-- Data for analysis follows --

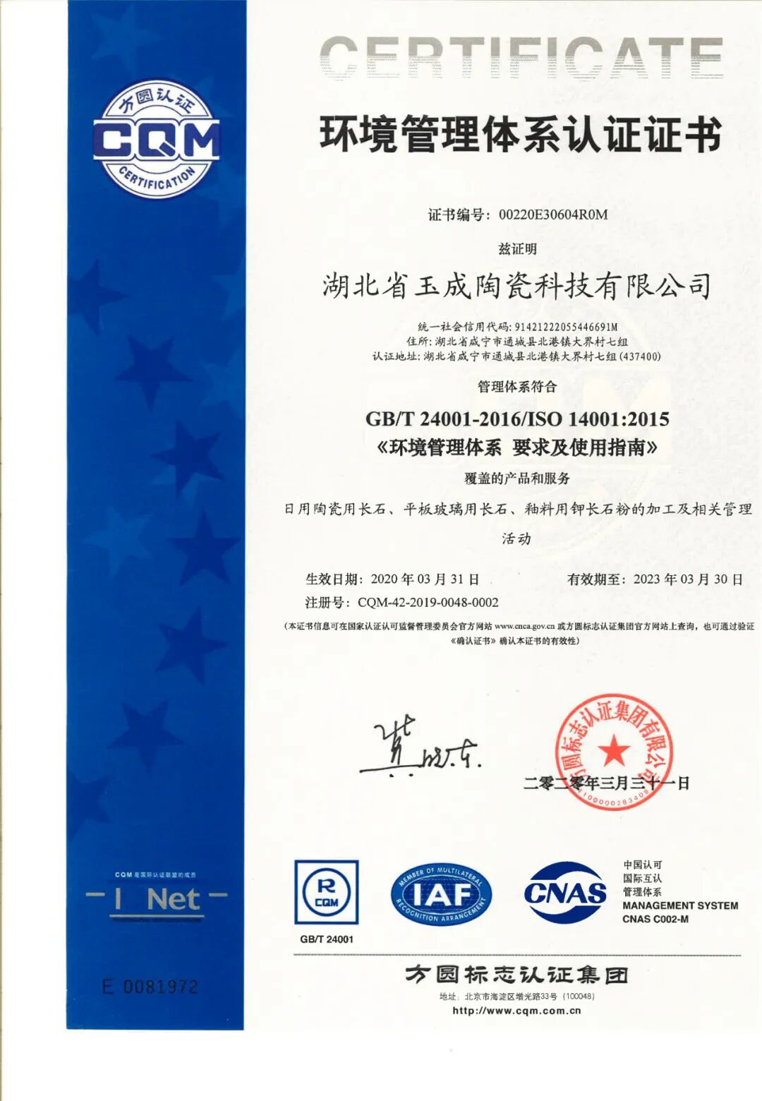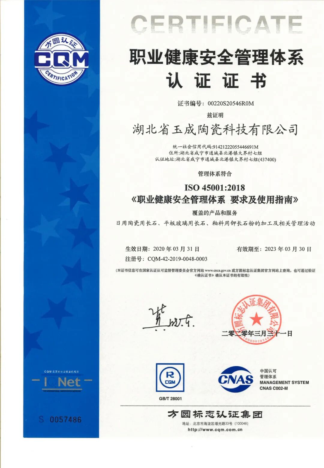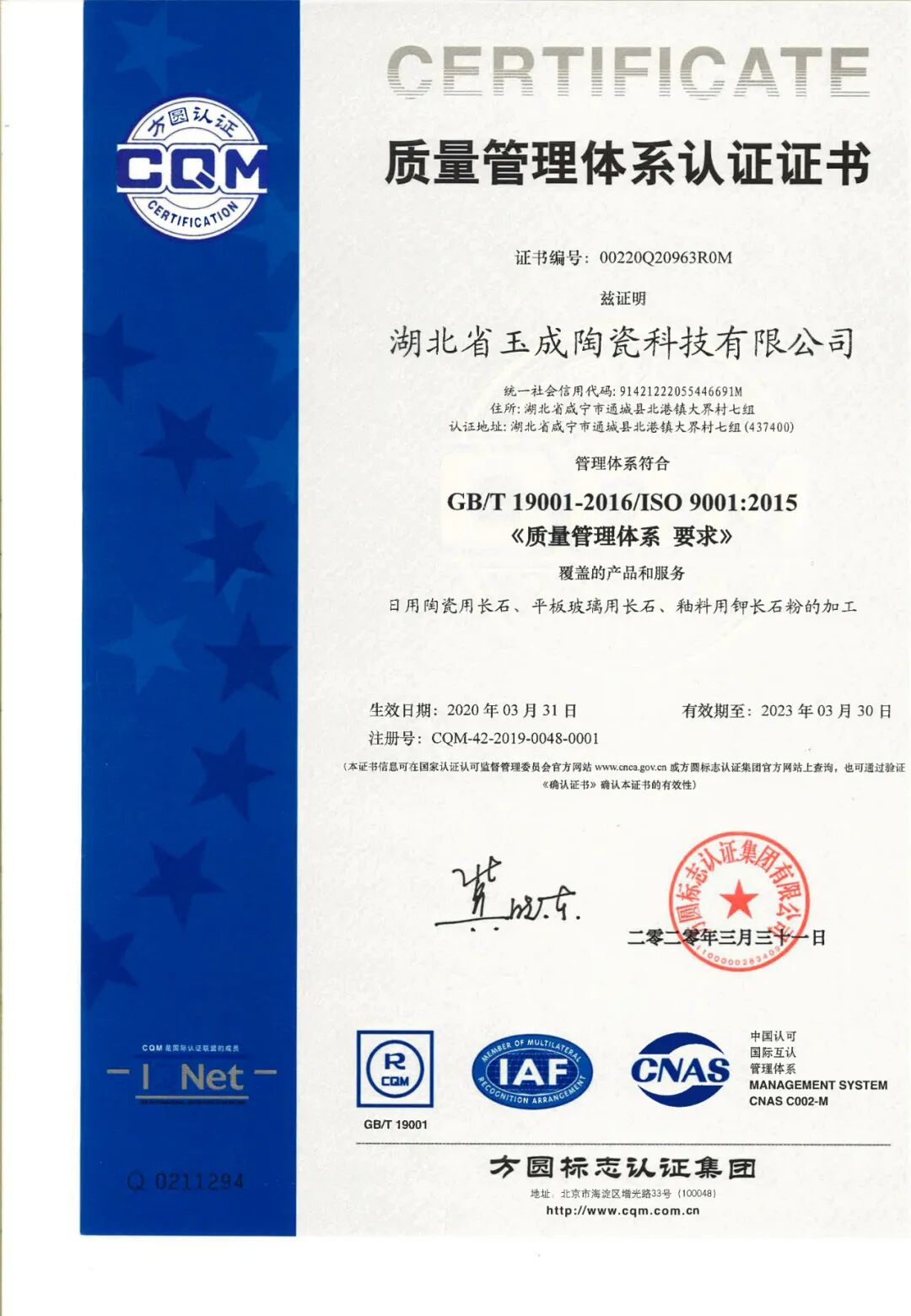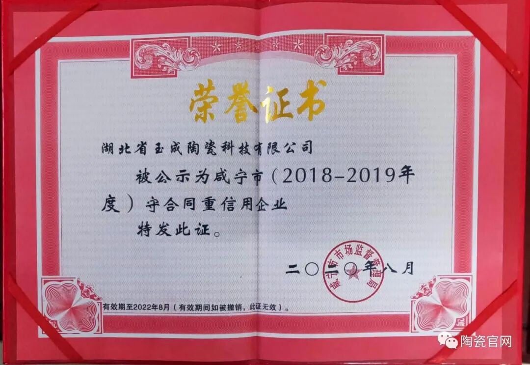 长期以来,以“守信用、重合同”作为企业立足的根本,以持续不断地研究只为研制出更好的产品理念为支撑,湖北玉成陶瓷有限公司在2020年斩获两项荣誉资质:
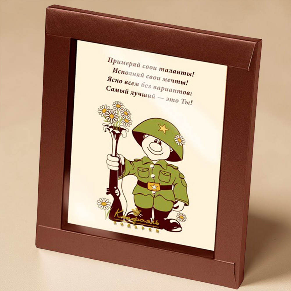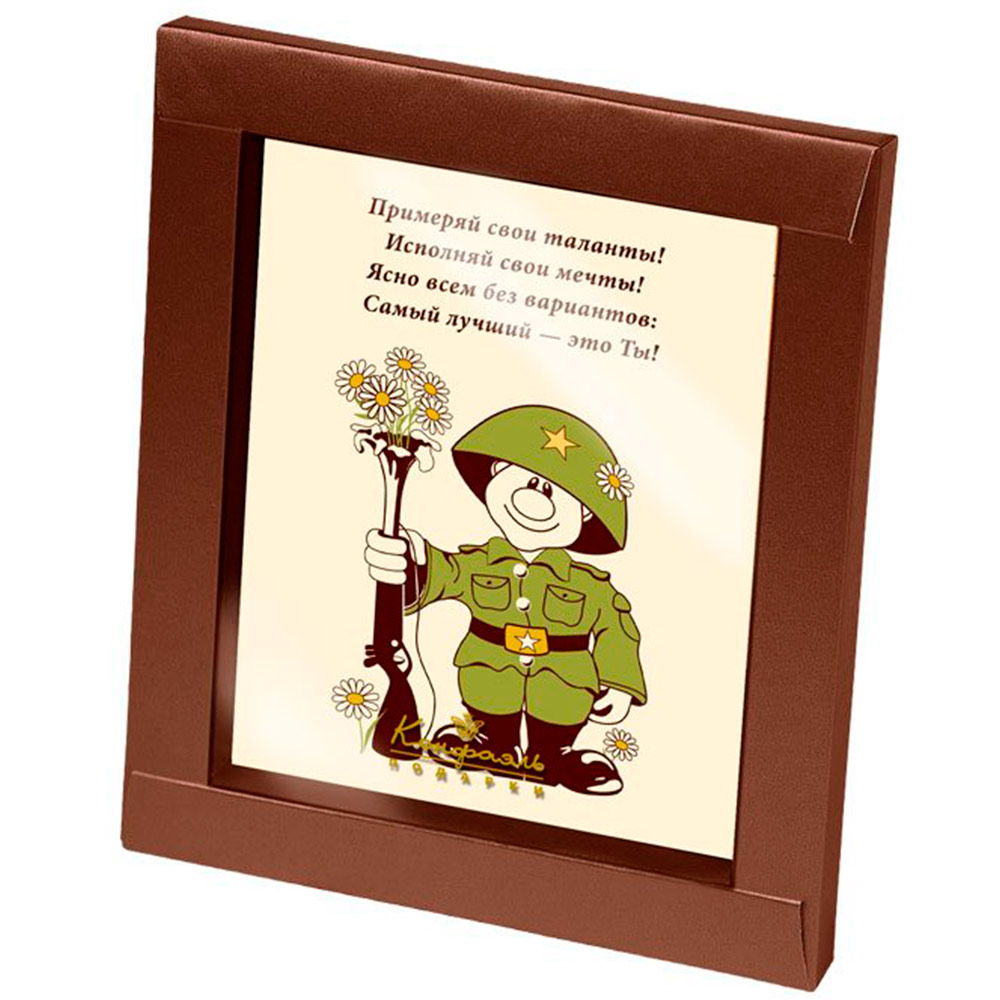 Защитникам Отечества по уставу положено сладенькое! А что может быть слаще шоколадной медали, подаренной любимыми людьми? Шоколадная открытка «С Днем Защитника Отечества» – очень трогательный и приятный подарок к 23 февраля. Вместо традиционных носков и пенки для бритья вручите шоколадную открытку– это залог того, что к 8 марта ваши мужчины позаботятся о не менее вкусном подарке.
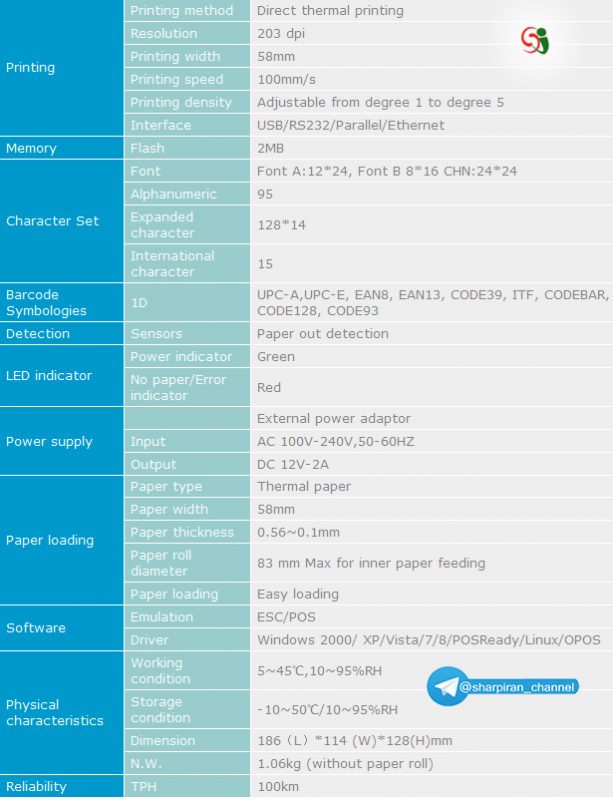 اطلاعات کامل فیش پرینتر Xprinter مدل xp d300h
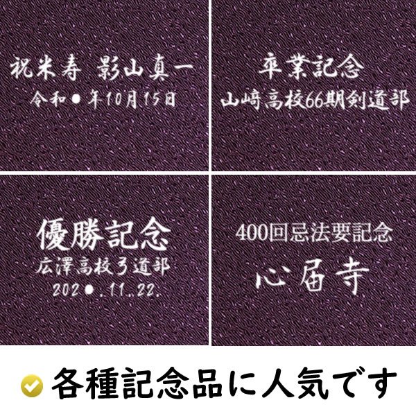 【加工方法につきまして】※刺繍・印刷ではございません●名入れ・家紋(6cm以上)・ロゴなど京都の金彩加工職人(伝統工芸士)が「型を作製」→「樹脂をヘラにて摺り込み」をして加工します。●家紋(3.5cm)紋章上絵師が「型を作製」→「刷毛にて樹脂または胡粉を摺り込み」をして加工します。小さい家紋や細かい部分がある家紋などの場合は筆にて上絵描きします※手法は家紋によって変わります※珍しい家紋や細かく手間の掛かる家紋の場合、別途「型製作料(別誂え料)¥2,750-(税込)」が掛かります(1回のご注文につき)。その場合、折り返しメールにてお知らせ致します●家紋入れ(白色)は¥3,300-(税込) ※金色は¥3,850-(税込)●オプションにて家紋の大きさは10cm・15cm可能家紋の位置や名入れ向きなどご指示にできるだけ対応いたします※「家紋の下に名前」など可能です◉校章・ロゴやマークなどについて最下部の「よくある質問」をお読みくださいませ。
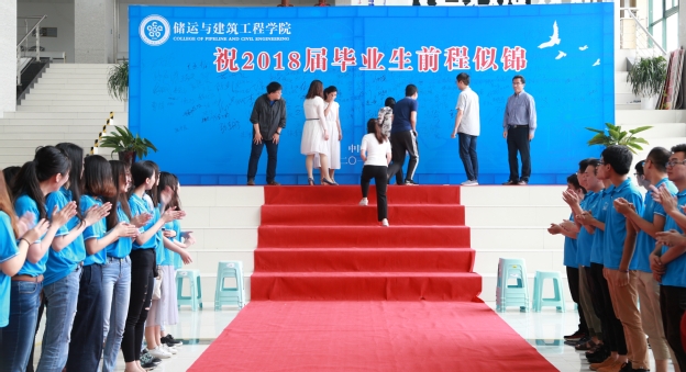 栀子花开,满园芬芳,又到一年毕业季。6月22日,pc28预测在线预测神测网2018届毕业生齐聚工科楼D座大厅,与老师们一起走红毯、合影留念,储建学院院长李玉星、党委书记高平发等学院党政领导及各系教师参加此次活动。
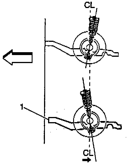 Setback applies to both the front and the rear wheels. Setback is the amount that one wheel spindle may be aligned behind the other wheel spindle. In the illustration, the left side frame (1) is moved toward the rear, causing a misalignment. Setback may be the result of a road hazard or a collision. The first clue is a caster difference from side-to-side of more than one degree.
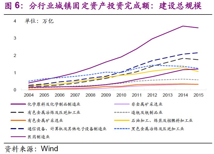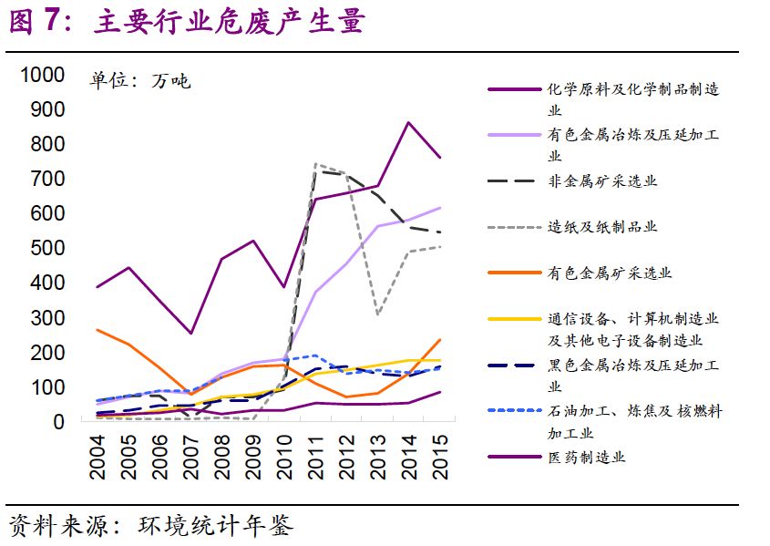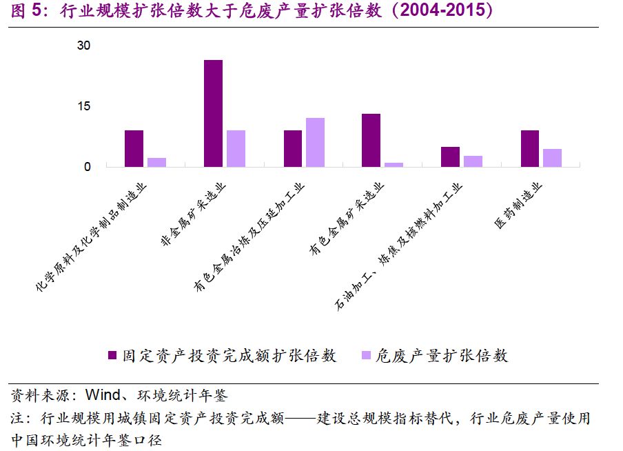 我們也關(guān)注到主要行業(yè)規(guī)模擴張倍數(shù)大于危廢產(chǎn)量擴張倍數(shù)。從2004年到2015年,化學(xué)原料及化學(xué)制品制造業(yè)、非金屬礦采選業(yè)、有色金屬冶煉及壓延加工業(yè)、有色金屬礦采選業(yè)、石油加工、煉焦及核燃料加工業(yè)、醫(yī)藥制造業(yè)的城鎮(zhèn)固定資產(chǎn)投資完成額——建設(shè)總規(guī)模分別是2004年的9 、26 、9 、13 、5 、9 倍,我國工業(yè)體系得到長足發(fā)展。同期,各行業(yè)危廢產(chǎn)量分別是原來的2 、9 、12、1、3 、4 倍,總體小于建設(shè)總規(guī)模擴張倍數(shù)。
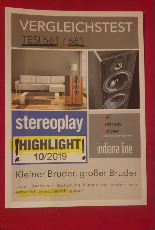 "Es gibt sie noch, die unschlagbaren Angebote. Lautsprecher die ihr Geld wert sind und neben tollem Klang auch eine schicke Optik bieten" konstatiert die renommierte STEREOPLAY und verteilt für unser letztes noch verfügbares Modell einer TESI 661 in edlem weiss Matt zum einmaligen Sonderpreis das begehrte HIGHLIGHT Prädikat.
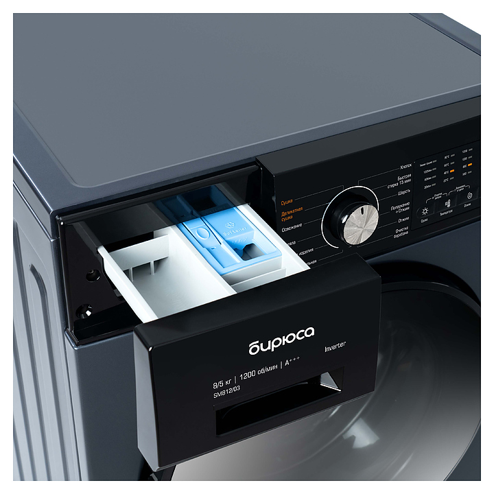 Стиральная машина Бирюса WMD-SM812/03 W предназначена для стирки текстильных изделий с применением синтетических моющих средств низкого пенообразования, а также для полоскания, отжима и сушки текстильных изделий в бытовых условиях. Модель оснащена сушкой, фронтальной загрузкой, LED дисплеем и инверторным мотором. Программы:

-- Data for analysis concluded --

→ Task statement
What is needed is an exact repeat of every entry above, with the pictures left out.

→ Answer box
 长期以来,以“守信用、重合同”作为企业立足的根本,以持续不断地研究只为研制出更好的产品理念为支撑,湖北玉成陶瓷有限公司在2020年斩获两项荣誉资质:
 Защитникам Отечества по уставу положено сладенькое! А что может быть слаще шоколадной медали, подаренной любимыми людьми? Шоколадная открытка «С Днем Защитника Отечества» – очень трогательный и приятный подарок к 23 февраля. Вместо традиционных носков и пенки для бритья вручите шоколадную открытку– это залог того, что к 8 марта ваши мужчины позаботятся о не менее вкусном подарке.
 اطلاعات کامل فیش پرینتر Xprinter مدل xp d300h
 【加工方法につきまして】※刺繍・印刷ではございません●名入れ・家紋(6cm以上)・ロゴなど京都の金彩加工職人(伝統工芸士)が「型を作製」→「樹脂をヘラにて摺り込み」をして加工します。●家紋(3.5cm)紋章上絵師が「型を作製」→「刷毛にて樹脂または胡粉を摺り込み」をして加工します。小さい家紋や細かい部分がある家紋などの場合は筆にて上絵描きします※手法は家紋によって変わります※珍しい家紋や細かく手間の掛かる家紋の場合、別途「型製作料(別誂え料)¥2,750-(税込)」が掛かります(1回のご注文につき)。その場合、折り返しメールにてお知らせ致します●家紋入れ(白色)は¥3,300-(税込) ※金色は¥3,850-(税込)●オプションにて家紋の大きさは10cm・15cm可能家紋の位置や名入れ向きなどご指示にできるだけ対応いたします※「家紋の下に名前」など可能です◉校章・ロゴやマークなどについて最下部の「よくある質問」をお読みくださいませ。
 栀子花开,满园芬芳,又到一年毕业季。6月22日,pc28预测在线预测神测网2018届毕业生齐聚工科楼D座大厅,与老师们一起走红毯、合影留念,储建学院院长李玉星、党委书记高平发等学院党政领导及各系教师参加此次活动。
 Setback applies to both the front and the rear wheels. Setback is the amount that one wheel spindle may be aligned behind the other wheel spindle. In the illustration, the left side frame (1) is moved toward the rear, causing a misalignment. Setback may be the result of a road hazard or a collision. The first clue is a caster difference from side-to-side of more than one degree.
 我們也關(guān)注到主要行業(yè)規(guī)模擴張倍數(shù)大于危廢產(chǎn)量擴張倍數(shù)。從2004年到2015年,化學(xué)原料及化學(xué)制品制造業(yè)、非金屬礦采選業(yè)、有色金屬冶煉及壓延加工業(yè)、有色金屬礦采選業(yè)、石油加工、煉焦及核燃料加工業(yè)、醫(yī)藥制造業(yè)的城鎮(zhèn)固定資產(chǎn)投資完成額——建設(shè)總規(guī)模分別是2004年的9 、26 、9 、13 、5 、9 倍,我國工業(yè)體系得到長足發(fā)展。同期,各行業(yè)危廢產(chǎn)量分別是原來的2 、9 、12、1、3 、4 倍,總體小于建設(shè)總規(guī)模擴張倍數(shù)。
 "Es gibt sie noch, die unschlagbaren Angebote. Lautsprecher die ihr Geld wert sind und neben tollem Klang auch eine schicke Optik bieten" konstatiert die renommierte STEREOPLAY und verteilt für unser letztes noch verfügbares Modell einer TESI 661 in edlem weiss Matt zum einmaligen Sonderpreis das begehrte HIGHLIGHT Prädikat.
 Стиральная машина Бирюса WMD-SM812/03 W предназначена для стирки текстильных изделий с применением синтетических моющих средств низкого пенообразования, а также для полоскания, отжима и сушки текстильных изделий в бытовых условиях. Модель оснащена сушкой, фронтальной загрузкой, LED дисплеем и инверторным мотором. Программы:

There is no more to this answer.